Plan B talks about his new London film Ill Manors

Ben Drew
Image caption Ill Manors is based partly on Ben Drew's experiences of growing up in London

This week sees the release of Plan B's debut film Ill Manors which draws on the musician's life growing up in London.

The movie follows the stories of six disparate Londoners struggling to survive on an east end estate and is set against the backdrop of last August's riots.

"I wrote a film that was based on a true story that happened to me and my family," said Plan B, whose real name is Ben Drew.

"I had some friends around my house one summer and we went to the off licence.

"One of my friends took a BB gun out in the street with us and a plain clothes police officer saw us.

"My house got raided by the police - so I wrote a feature film about it."

Initially, the rapper struggled to get the film made because he was a novice director.

"I realised that I can't expect people to trust me with £1m until they know I can direct," he said.

Image caption Drew's characters are based on real Londoners and their stories

"It was the same with the music. I used to tell people that I wrote songs and people just dismissed me until I went out, bought a guitar and learned how to use it - and started performing live."

So he took the last £2,000 from his recording advance and some money left to him by his late grandfather, and made a short film called Michelle.

It proved to be a springboard and within four months Drew had written its successor, Ill Manors.

After doing the rounds of the big companies Drew secured the backing of Microwave, Film London's funding scheme which champions debut film makers.

'Chicken and egg'

Drew wanted his drama to show the lives of marginalised Londoners, from drug dealers and teenage prostitutes, to young immigrants and disaffected youths.

"My reason for making this film is to show that there is a lot we can learn when we know all the facts; when we explain the 'why' - not just the 'what' and 'how'," he said.

Music plays an important role and certain parts are narrated by hip hop songs.

But fitting together the film's soundtrack and its dramatic scenes proved to be challenging for the first-time director.

"We'd turn up on set and I'd tell the guys to improvise," he said.

"The problem was that when they improvised, magic would happen, but this messed up the whole structure of the film for me.

"It was like chicken and egg. I didn't want to write the song until I'd edited the scene but I couldn't really edit the scene until I had the music, so it was a bit of a nightmare."

The resulting songs have a strong social message and can be described as hip hop protest songs.

"I wanted Ill Manors to open people's eyes - of all classes - and to give hope to kids on estates. I wrote the first single after the London riots, because I felt so strongly about it," said Drew.
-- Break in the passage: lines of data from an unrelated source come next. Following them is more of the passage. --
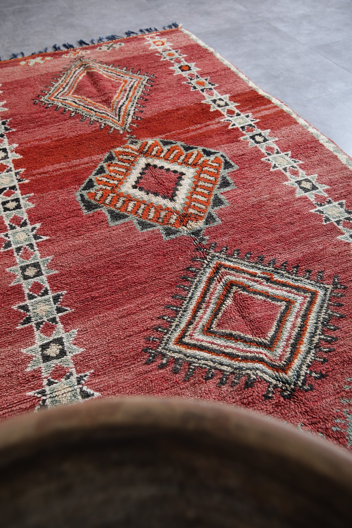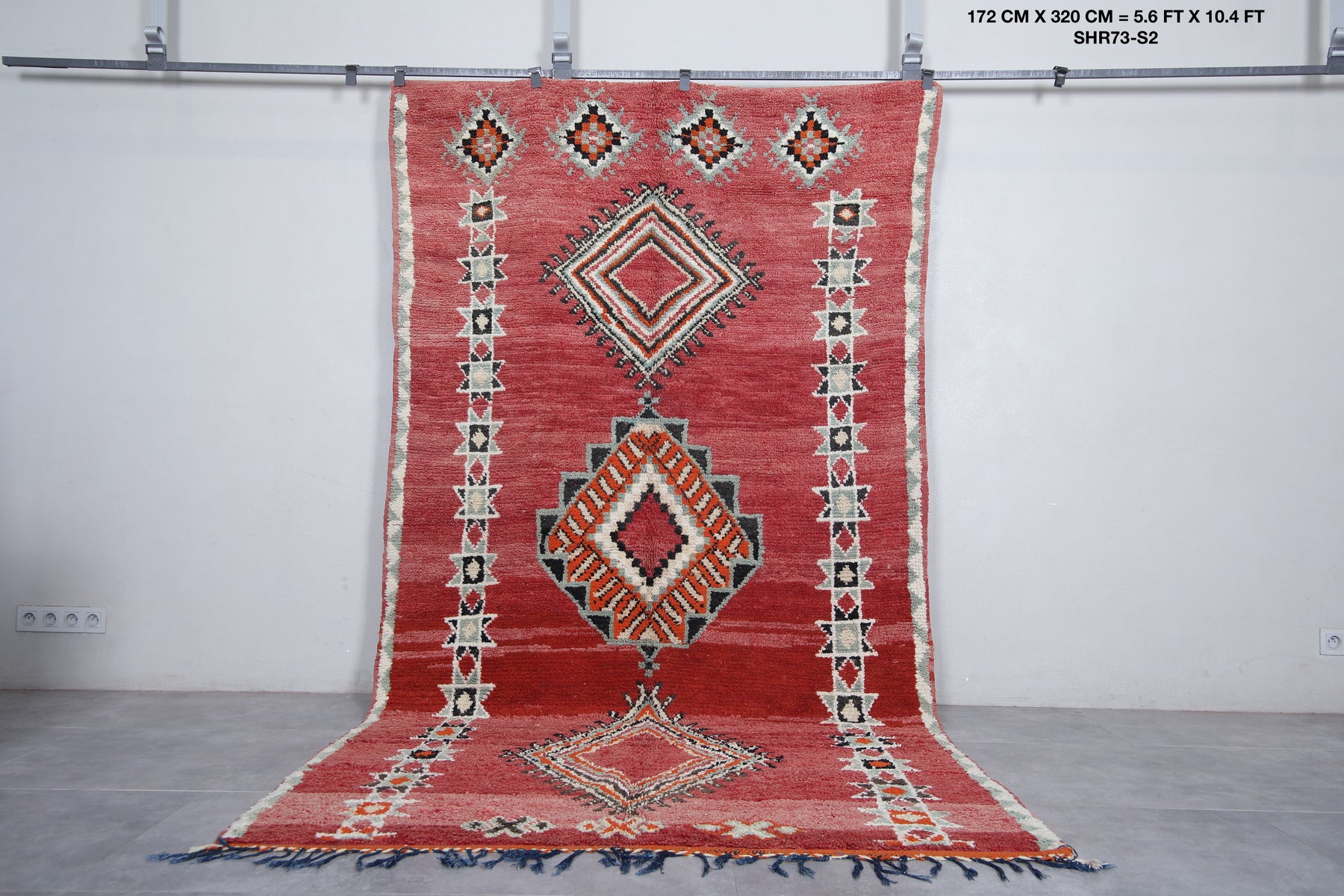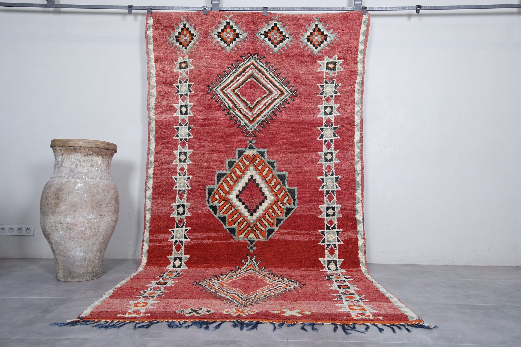 Enhance your space with this vibrant Moroccan Berber rug, featuring a stunning red background and intricate geometric designs. Measuring 5.6 FT x 10.4 FT, the rug showcases three striking diamond-shaped motifs running down its center, each surrounded by detailed borders and contrasting patterns in white, black, and orange hues. This symmetrical layout is complemented by delicate accents at the top, creating a harmonious and balanced design. Handwoven from high-quality wool, this rug adds warmth, texture, and cultural charm to any room, making it perfect for living spaces, bedrooms, or offices. Elevate your decor with this bold Moroccan statement piece.
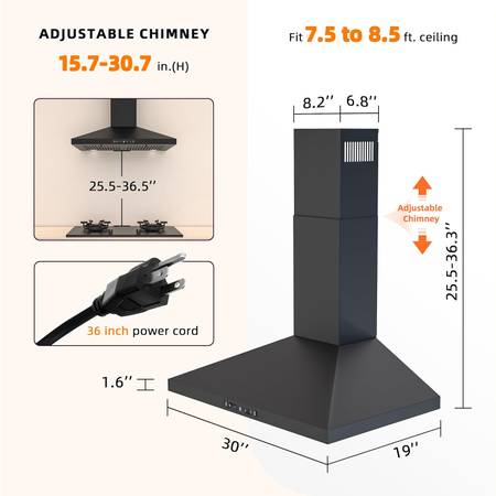 PRODUCT DIMENSION: Vent hood Dimension is 30 in.(W) x 19 in.(D) x Adjustable 25.5 in. - 36.3 in.(H), it is fit 7.5 to 8.5 Ft. ceiling.If you have a high ceiling, add extra extension chimney (Model: FGS-TD24B-ZST) which can extend 9-10 ft. ceiling. In addition, professional and friendly customer service is always online, so please contact us promptly with any questions arise
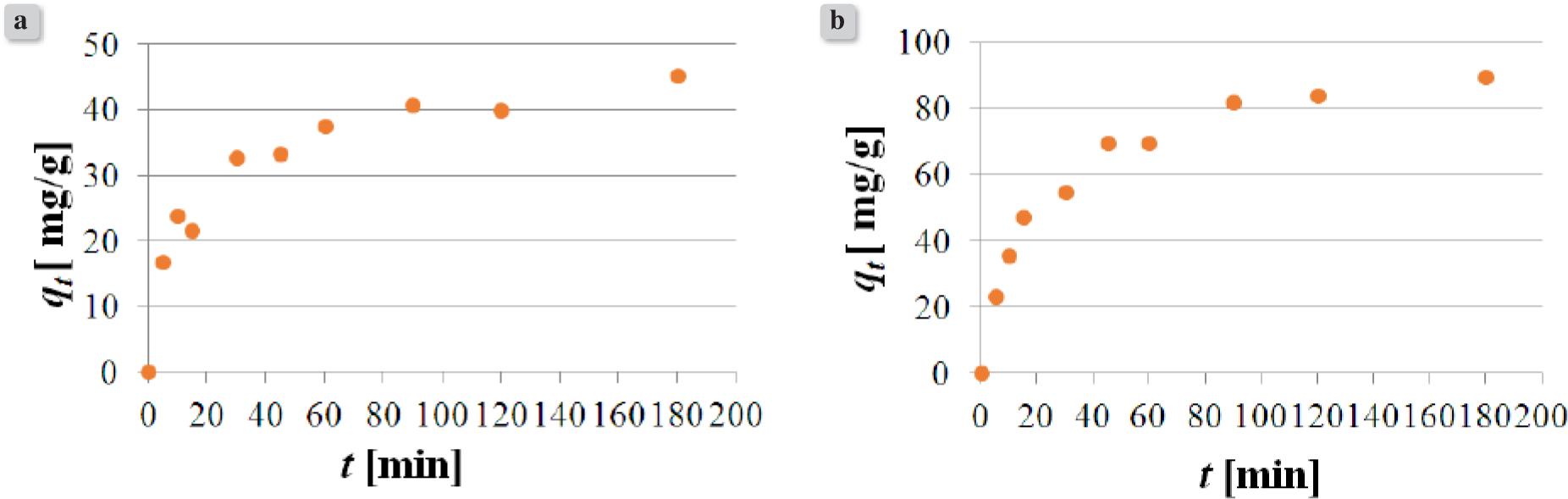 the results of the analysis of two models of adsorption kinetics indicate a better fit of the pseudo-second-order model to the experimental results – a higher value of the R2 coefficient was obtained, and the calculated qe value based on this model is more similar to the experimental qe value; a better fit of the pseudo-second-order kinetics model indicates the chemical nature of the adsorption process;

"The whole point of Ill Manors is to illustrate that society needs to take some responsibility for the cause of these riots, and address why there are so many kids in this country that don't feel they have a future."

'The real thing'

Drew does not have an acting role and the film casts a number of unknown actors from east London.

"I needed the real thing," explained Drew.

"I ended up stopping people in the street and I went to schools; that's where we found Ryan De La Cruz.

Image caption The film casts untrained actor 13-year-old Ryan de La Cruz from London

"I found him at Rokeby School [in Newham]. It was a challenge for him because it's quite a harrowing film. But I thought his performance was outstanding."

De la Cruz acts alongside established stars like Riz Ahmed whose experience helped to inspire the young cast.

"Riz was the only person who could play it really. And it was the best piece of luck that ever really happened to the film.

"We all know he's a great actor but he is also great for the other actors."

Ill Manors is one of two films which Drew has coming out this summer - he stars in the movie version of 70s cop show The Sweeney.

Drew believes one complements the other.

"The bonus of doing exciting stuff like directing your own film and then starring in a film alongside Ray Winstone is that one will feed the other.

"If I do a song for The Sweeney there's every chance that song will be chart eligible and go top 10 - and the promotion of the film will feed the single and vice versa.

"All that stuff is a bonus when the stars align for you and it gives you every possible chance for your work to be as successful as possible."

Ill Manors opens on 6 June in the UK.